_Provided material_

▼

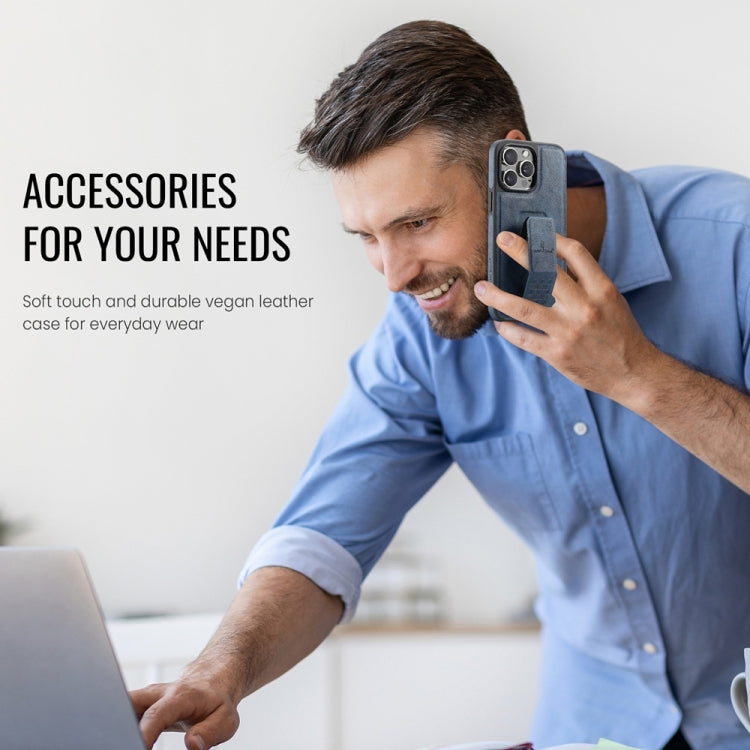 For iPhone 15 Pro Fierre Shann Oil Wax Cow Leather Holder Back Phone Case(Blue)
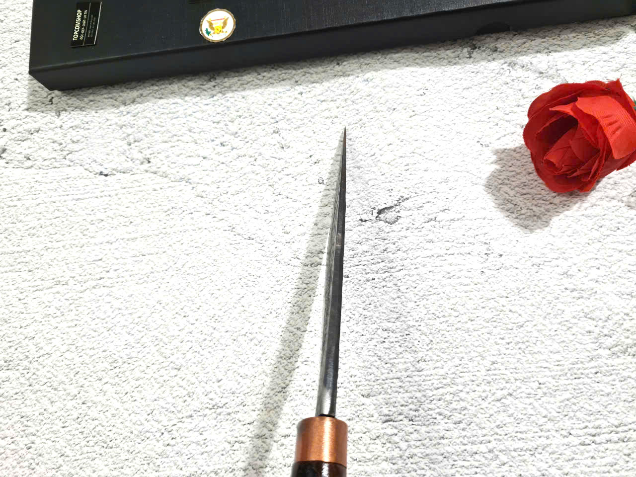 • Chất liệu: Thép Nhật 420J2, độ cứng 53HRC – siêu bền, chống gỉ • Lưỡi dao: Dày 2.5mm, sắc bén, hoàn thiện bằng đá mài nước • Tay cầm: Gỗ Pakka sang trọng, chống
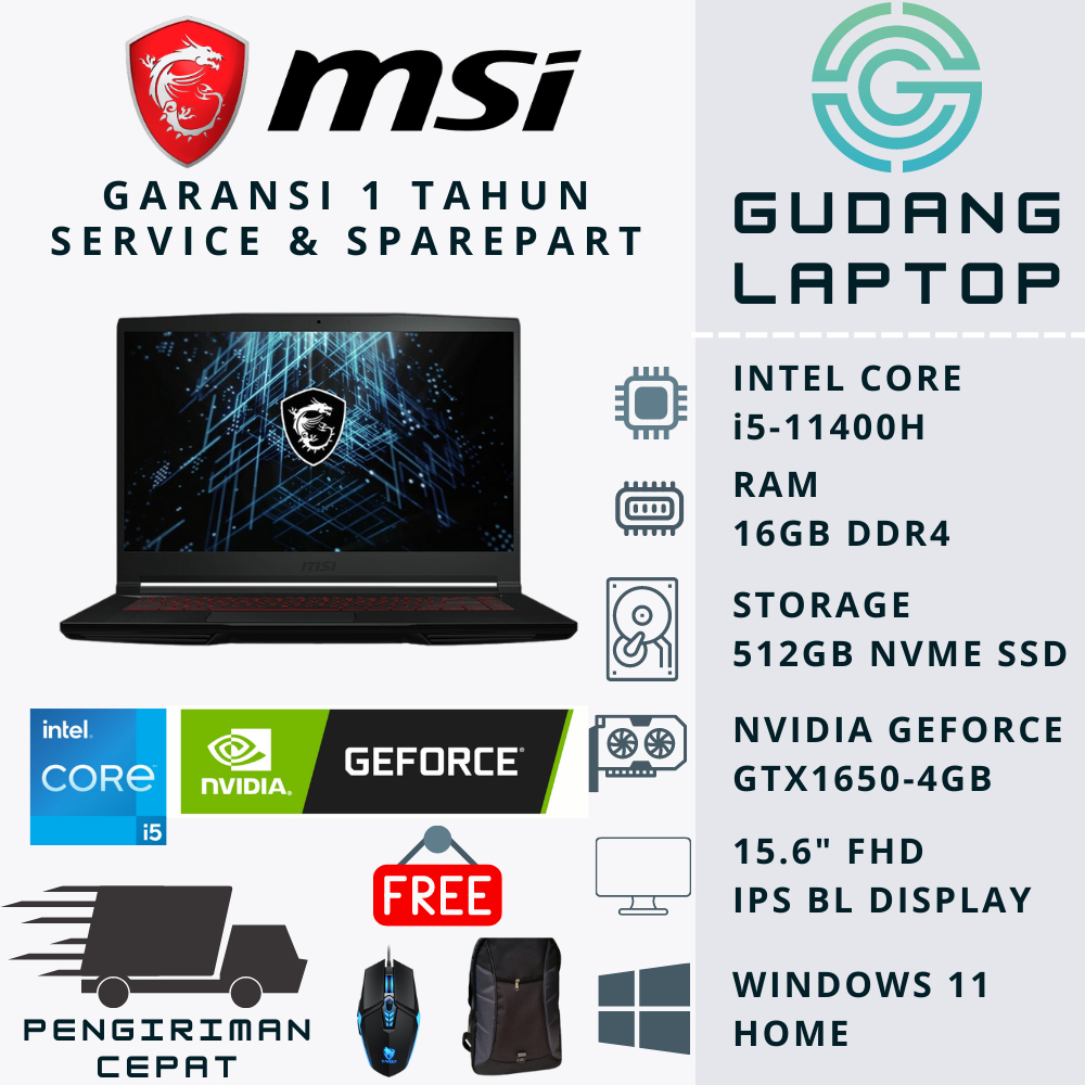 ✅ SPESIFIKASI UTAMA ( MSI GF63 Thin 11UC - RTX 3050 ) ⭕ Processor : Intel Core i5-11400H 2.7 - 4.5GHz ( 6 Cores / 12 Threads. 12MB Cache ) ⭕ Ram : 8GB(8X1) / 16GB ( 8GBx2 ) DDR4 3200MHz ⭕ Storage : 512GB SSD M.2 PCIe® NVMe® / 1TB SSD ( 512GB + 512GB SATA SSD ) ⭕ Display : 15.6" FHD (1920x1080), 144Hz, IPS-Level ⭕ Graphics Card : NVIDIA® GeForce RTX™ 3050 Laptop GPU, 4GB GDDR6 Up to 1172.5MHz Boost Clock 40W Maximum Graphics Power with Dynamic Boost. ⭕ OS : Windows 11 Home 64 Bit

▲

The exact lines from the beginning of the data through the one that contains "sang trọng, chống" must be given again, both ends included, and pictures must be left out.

_The completed task_
 For iPhone 15 Pro Fierre Shann Oil Wax Cow Leather Holder Back Phone Case(Blue)
 • Chất liệu: Thép Nhật 420J2, độ cứng 53HRC – siêu bền, chống gỉ • Lưỡi dao: Dày 2.5mm, sắc bén, hoàn thiện bằng đá mài nước • Tay cầm: Gỗ Pakka sang trọng, chống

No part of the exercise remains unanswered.